Percorso 2 - Investimenti Come si scelgono i prodotti di investimento?
Come si scelgono i prodotti di investimento?
La peggiore strategia di investimento che possiamo fare è quella di investire tutto nelle azioni od obbligazioni di un solo emittente: nel peggiore dei casi, perderemo tutto il capitale investito, mentre nel migliore rinunceremo ad altre fonti di guadagno. La regola d'oro, quando si investe, è diversificare: non solo comprando lo stesso tipo di titolo da emittenti diversi, ma anche acquistando prodotti finanziari diversi tra loro.
In pratica, diversificare significa ridurre il rischio di perdere tutto il nostro denaro in una volta sola, e lo si fa investendo in prodotti finanziari diversi: ad esempio in azioni di settori e diverse regioni del mondo, o in obbligazioni con scadenze diverse, magari anche decennali o più, e anche di paesi diversi.

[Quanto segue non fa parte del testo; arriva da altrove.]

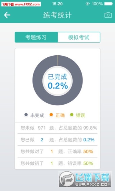 *专业练考统计,让学员快速了解自己答题题数以及答题正确率或错误率。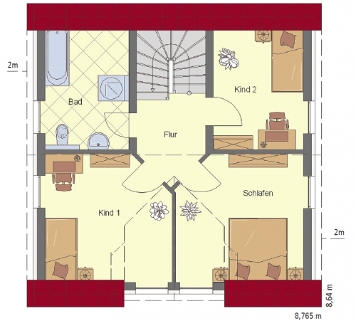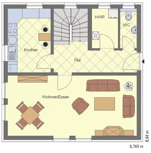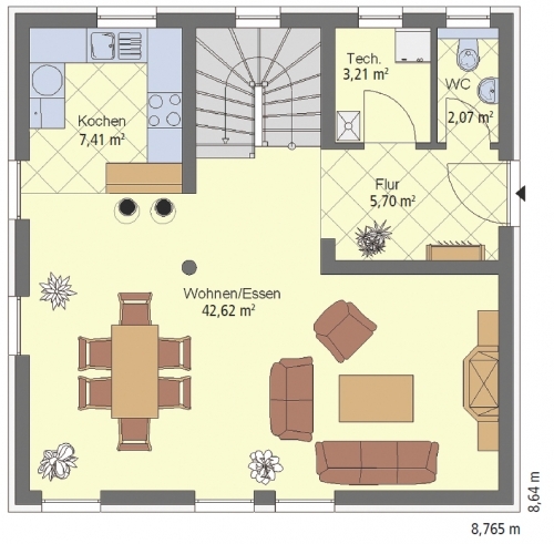 Außenmaße: 8,765 x 8,64 m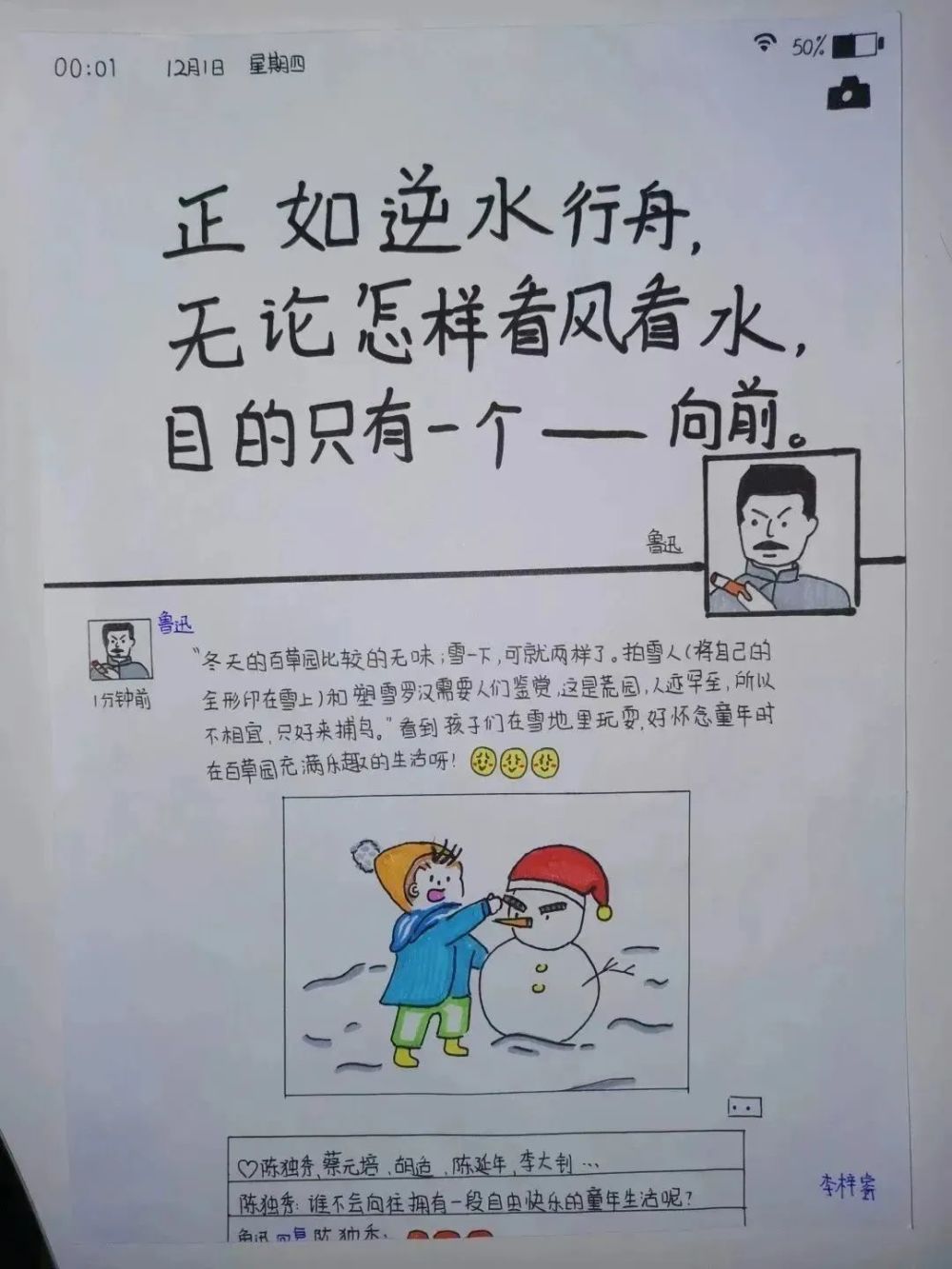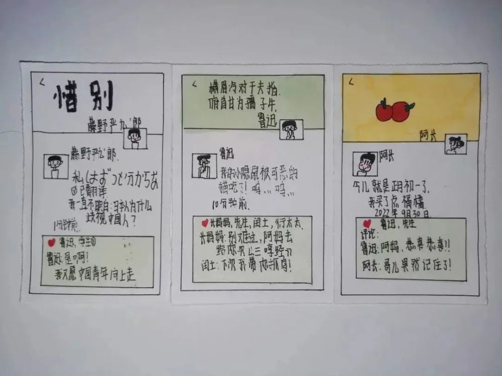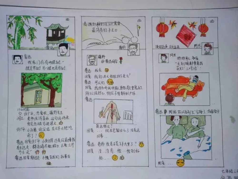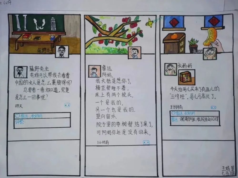 经典是人类智慧的结晶,阅读经典可以涵养品格,启迪智慧。《朝花夕拾》是七年级上册的名著必读书目之一,是鲁迅作品中最富生活情趣的篇章集,我们可以借此了解鲁迅先生从幼年到青年时期的生活道路和心路历程。在认真阅读的同时,同学们也留心朋友圈页面各处细节进行了自主设计,紧扣鲁迅及其师友故人的生活经历,书写了自己对名著中人物的独特感知。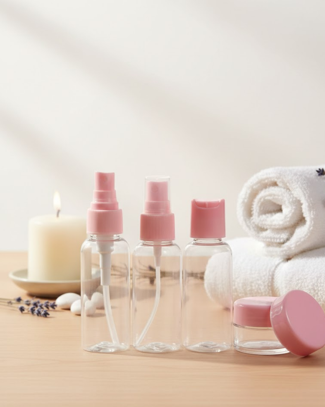 5 Parça Seyahat Boy Kozmetik Seti, minimal tasarımı ve fonksiyonel yapısı ile kişisel bakım rutininizi seyahatlerde de kesintisiz sürdürmenizi sağlar. Set içeriğinde bir adet 30 ml sıvı şişe, bir adet sprey şişe, bir adet şampuan kabı ve iki adet krem muhafaza kabı yer alır.Şeffaf tasarımı sayesinde içerisine doldurduğunuz ürünü net şekilde görebilir, doluluk oranını kolayca kontrol edebilirsiniz. Esnek yapısı sayesinde sıkma işlemi rahatlıkla yapılabilir ve kullanım kolaylığı sağlar.Sızdırmaz kapak teknolojisi, seyahat sırasında çanta içinde güvenli taşıma sunar. Özellikle uzun yolculuklarda veya spor sonrası kullanımda pratiklik sağlar. Fermuarlı taşıma çantası, düzenli ve hijyenik saklama imkanı sunarak dağınıklığı önler.Kompakt ölçüleri sayesinde el bagajına uygundur ve yer tasarrufu sağlar. Günlük kullanım, spor salonu, tatil ve kamp gibi farklı alanlarda rahatlıkla kullanılabilir.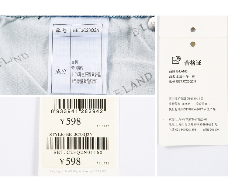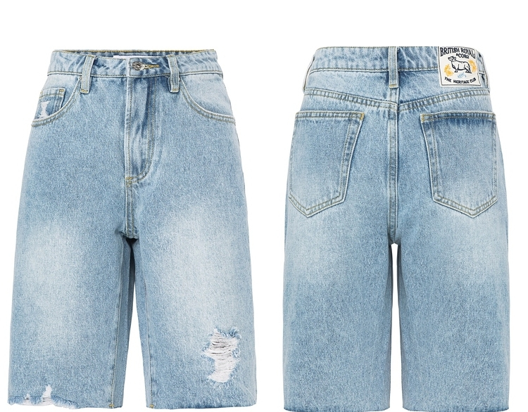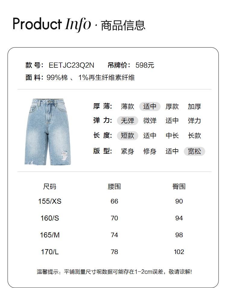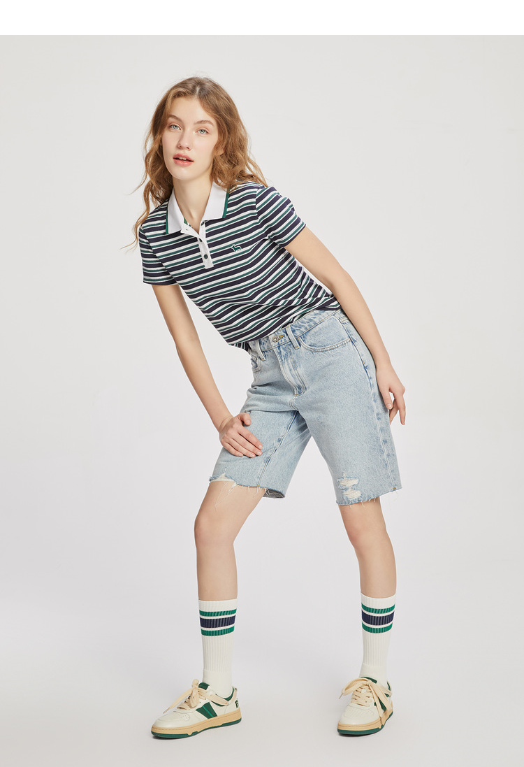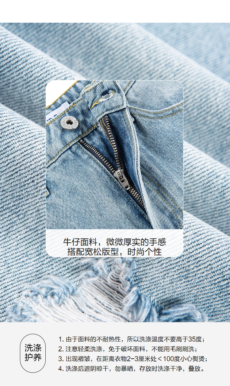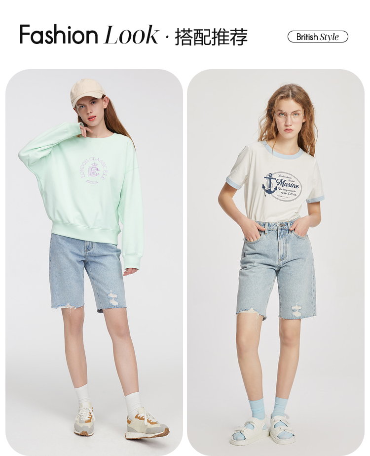 ELAND衣恋2022年春季新款潮酷个性美式设计感剪边破洞牛仔短裤女EETJC23Q2N

Da un punto di vista statistico, diversificare significa comprare titoli poco correlati o negativamente correlati tra di loro. La correlazione è un indice statistico che si può misurare in diversi modi e che serve per indicare come due grandezze «si muovono insieme», cioè quanto simili sono le loro risposte a degli eventi. Se la correlazione è pari a uno la variazione è simmetrica, mentre se è pari a meno uno è opposta. Ad esempio, il settore dei trasporti aerei è molto correlato molto strettamente a quello del petrolio.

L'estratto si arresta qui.